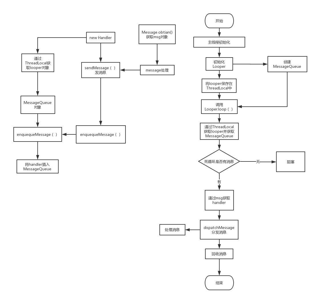 Looper,线程中默认是没有Looper的如果需要使用Handler就必须为线程创建Looper。主线程会在被创建时初始化Looper。Looper可以通过Looper.prepare()来创建,并通过Looper.loop()来开启消息循环。prepare() 可以创建looper并将looper对象保存在ThreadLocal中。Looper也可以退出,quit会直接退出Looper,而quitSafely把消息队列中已有的消息处理完毕后才安全退出。Looper最重要的方法是loop(),loop()是一个死循环唯一跳出循环的方式是MessageQueue 的next方法返回了null,loop()通过调用MessageQueuede 的next方法获取新消息,而next是一个阻塞操作,如果没有消失时next会一直阻塞在那里。也导致loop也一直阻塞。当有消息时Looper就会出来这条消息通过调用dispatchMessage将消息交个Handler,最后回收消息。
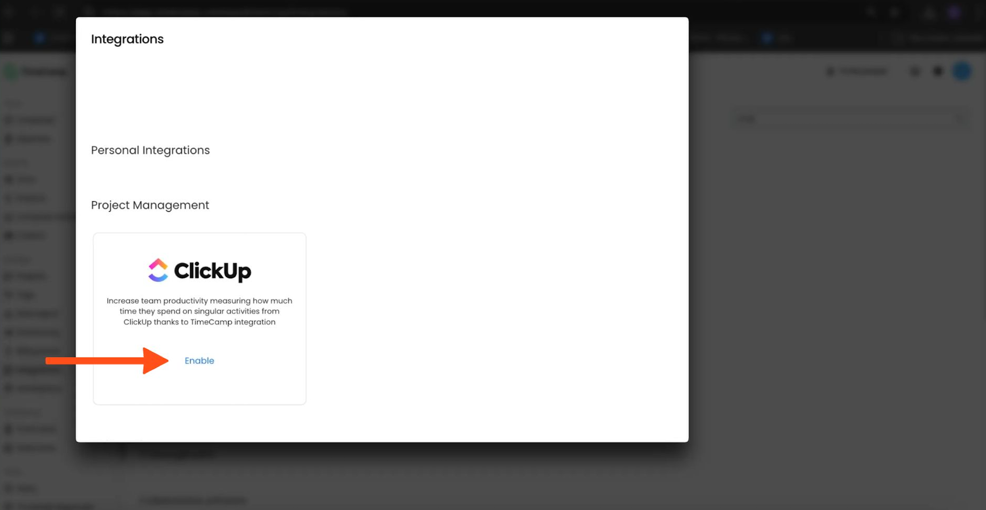 To enable the ClickUp integration, select the Integrations option in the left panel. Next, find the ClickUp integration on the list and click the Enable button.
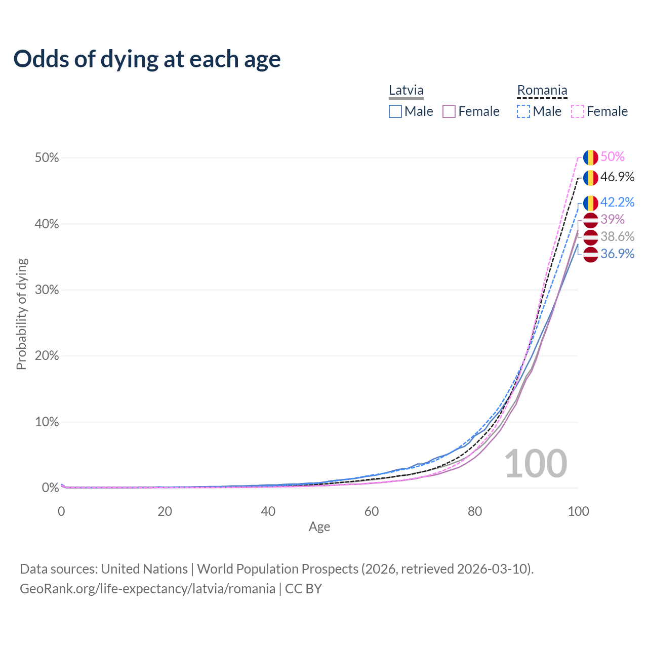 This life expectancy calculator shows the odds of living to 100, 95, 90, and below based on current age for both males and females in Latvia and Romania, along with mean and median age of death. The calculations are based on the 2026 life tables (actuarial tables) from the UN World Population Prospects.

[WORK REQUIRED]:
Every line of the listing above is to be retyped exactly, but the pictures are to be dropped.

[RESULT OF THE TASK]:
 Looper,线程中默认是没有Looper的如果需要使用Handler就必须为线程创建Looper。主线程会在被创建时初始化Looper。Looper可以通过Looper.prepare()来创建,并通过Looper.loop()来开启消息循环。prepare() 可以创建looper并将looper对象保存在ThreadLocal中。Looper也可以退出,quit会直接退出Looper,而quitSafely把消息队列中已有的消息处理完毕后才安全退出。Looper最重要的方法是loop(),loop()是一个死循环唯一跳出循环的方式是MessageQueue 的next方法返回了null,loop()通过调用MessageQueuede 的next方法获取新消息,而next是一个阻塞操作,如果没有消失时next会一直阻塞在那里。也导致loop也一直阻塞。当有消息时Looper就会出来这条消息通过调用dispatchMessage将消息交个Handler,最后回收消息。
 To enable the ClickUp integration, select the Integrations option in the left panel. Next, find the ClickUp integration on the list and click the Enable button.
 This life expectancy calculator shows the odds of living to 100, 95, 90, and below based on current age for both males and females in Latvia and Romania, along with mean and median age of death. The calculations are based on the 2026 life tables (actuarial tables) from the UN World Population Prospects.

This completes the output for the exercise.